What would I need to do?

  1. Supply the statically-linked full product.
  2. Supply *.a files of my product's packages, and *.o files of the driver part.

What would my customer need to do?

  1. Install gcc and family and their dependencies. [Once; update: not needed after Go1. Thanks Andrew Gerrand!]
  2. Install (and maintain) the Go development environment. [Once, at least after Go1.]
  3. Download the plug-in package file .a, and place it in a designated directory.
  4. Build and install the application.[1]

Why will this not work?

It could, with programmers. It, unfortunately, will not, with chemists. For many chemists, the exertion of supplying input to a computer program and reading its output using a suitable viewer, is a considerable condescension. Should I ask them to compile code, and that too for each plug-in, typical chemists will laugh me out of court!

The API Consumption Issue

Most foot soldier programmers at pharmaceutical companies, biotechnology companies and informatics services providers have graduated in the last ten years, or so. Most of them learned Java as their first language, and have used it the most. Naturally, they tend to gravitate towards solutions with a published Java API.

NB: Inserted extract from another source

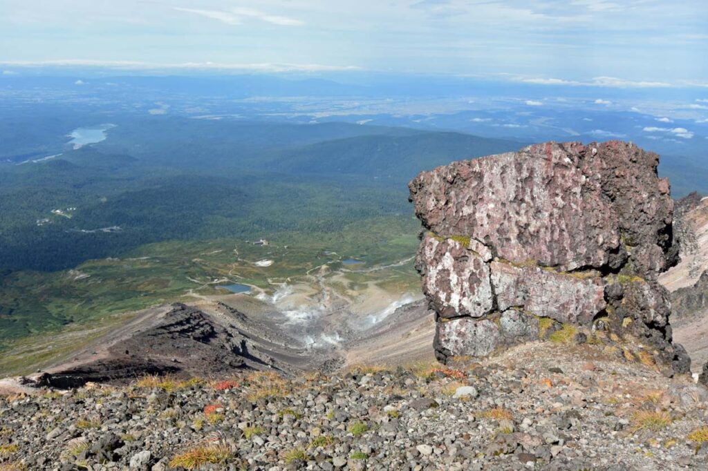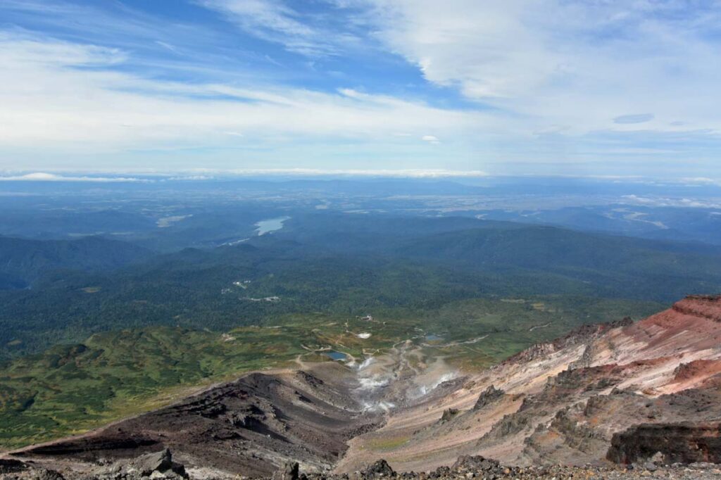 山頂から姿見駅の方向を写す。 登ってきたルート(左側)は傾斜がきついザレ場、噴気、姿見の池、麓の東川町が見えていた。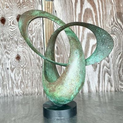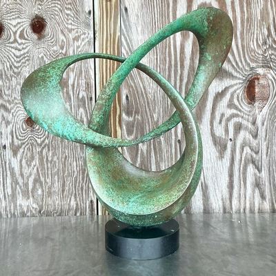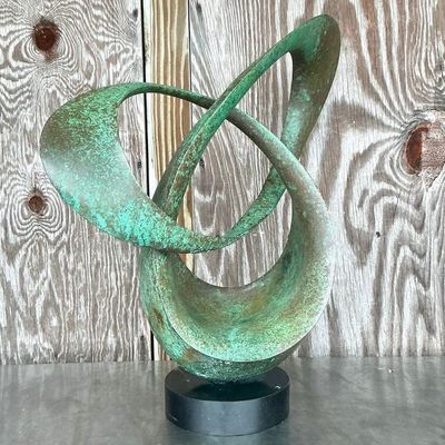 Abbraccia la bellezza senza tempo dell'arte invecchiata. Questa squisita piccola scultura è realizzata in rame massiccio e rifinita con una straordinaria patina verdigris dall'aspetto naturale. Questa distintiva tonalità blu-verde, che ricorda statue antiche e dettagli architettonici usurati, non è semplicemente un rivestimento, ma una celebrazione del nobile processo di invecchiamento del metallo.

Chemistry product companies acknowledge this. Almost all of them provide a Java API for their products and libraries.[2] Those that have remained with a non-Java API are certainly not the leaders today!

Therefore, for me to appeal to those programmers, I must provide a fully capable Java API. My prospects of commercial success depend on that factor in no minor way.

Conclusion

Accordingly, I have shifted the product to Java. My team and I have begun re-designing and re-implementing the legacy product — this time to suit a more Java-like style; to appeal to Java audience!



[1] goinstall does not help, since it needs source code to be available. Plug-in authors may not be willing to publish source code.

[2] If they cannot provide a proper Java API, they at least provide a JNI wrapper.